Mitochondrial GSSG reductase activity was measured according to the method of Smith and coworkers [19]. Briefly, mitochondria (40–100 µg protein) were incubated in potassium phosphate buffer (100 mmol/l: pH 7.5) containing 0.2 mmol/l GSSG. To these samples, NADPH (0.2 mmol/l) was added and the rate of NADPH loss was monitored by following the absorbance loss at 340 nm.

Mitochondrial glutaredoxin reductase activity was determined according to the method of Gladyshev and co-workers [20]. Mitochondria (20–50 µg of protein) were added to a potassium phosphate buffer (100 mmol/l: pH 7.5) containing 0.2 mmol/l NADPH, 0.5 mmol/l GSH, and 0.4 units of GSSG reductase. To these samples, hydroxyethyldisulfide (HEDS: 2 mmol/l) was added and the decrease in absorbance of NADPH at 340 nm was monitored for 10 min. One unit of enzyme activity was defined as 1 µmol of NADPH oxidized per min.

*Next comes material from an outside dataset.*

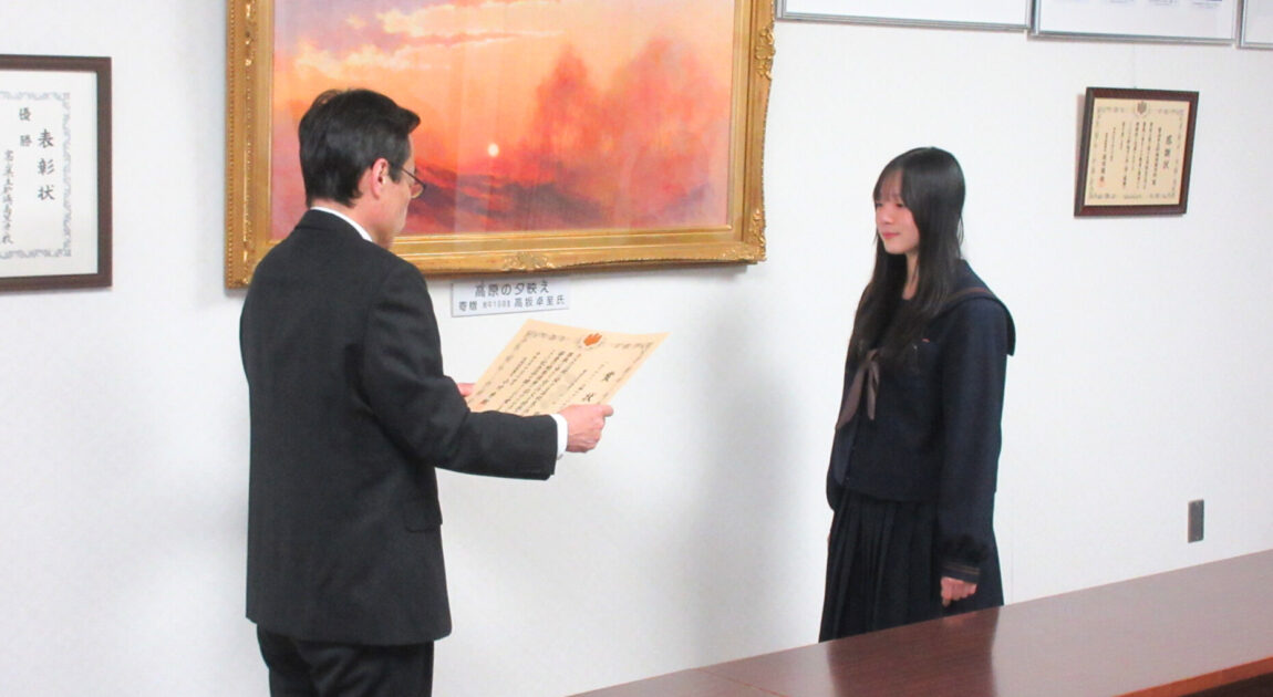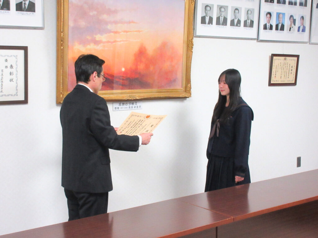 11月14日(金)には本校校長室にて、高岡税務署長による表彰式が行われました。

Complex IV (cytochrome c oxidase) activity

Cytochrome c oxidase activity of isolated mitochondria was measured by using a commercially available kit from Sigma (Cytoc-ox1). Mitochondria (2 µg protein) were added to the assay buffer, which consisted of 10 mmol/l Tris-HCl, pH 7.0, and 120 mmol/l KCl. To these samples, 50 µl of reduced cytochrome C (0.22 mmol/l) were added and changes in absorbance at 550 nm were monitored for 1 min. An extinction coefficient of 21,840 M−1cm−1 was used to quantify the activity.

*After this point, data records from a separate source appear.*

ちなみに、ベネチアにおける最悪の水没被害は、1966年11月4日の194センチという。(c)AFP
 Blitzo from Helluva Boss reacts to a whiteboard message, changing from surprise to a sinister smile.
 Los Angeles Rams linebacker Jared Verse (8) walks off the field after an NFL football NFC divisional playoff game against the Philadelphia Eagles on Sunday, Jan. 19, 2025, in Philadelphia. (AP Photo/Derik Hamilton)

Blue native gel electrophoresis

Blue native polyacrylamide gel electrophoresis (BN-PAGE) was carried out on a 5–13.5% linear acrylamide gradient according to the methods of Schagger and von Jagow [21]. Mitochondria (200 µg of protein) were centrifuged at 10,000 × g for 10 min. The resulting pellet was reconstituted in 40 µl of 50 mmol/l Bis-Tris (pH 7.0), containing 750 mmol/l 6-aminocaproic acid, and 5 µl of n-dodecyl-B-D-maltoside (10% w/v). These samples were centrifuged at 100,000 × g for 15 min. Supernatants were collected and 5% (w/v) Coomassie blue brilliant G-250 (BioRad, Hercules, CA, USA) dissolved in 1 M aminocaproic acid was added at a ratio of 1:14 (dye to sample volume ratio). Bovine liver catalase (Sigma, 230 kDA and 460 kDA) was used as a molecular weight marker.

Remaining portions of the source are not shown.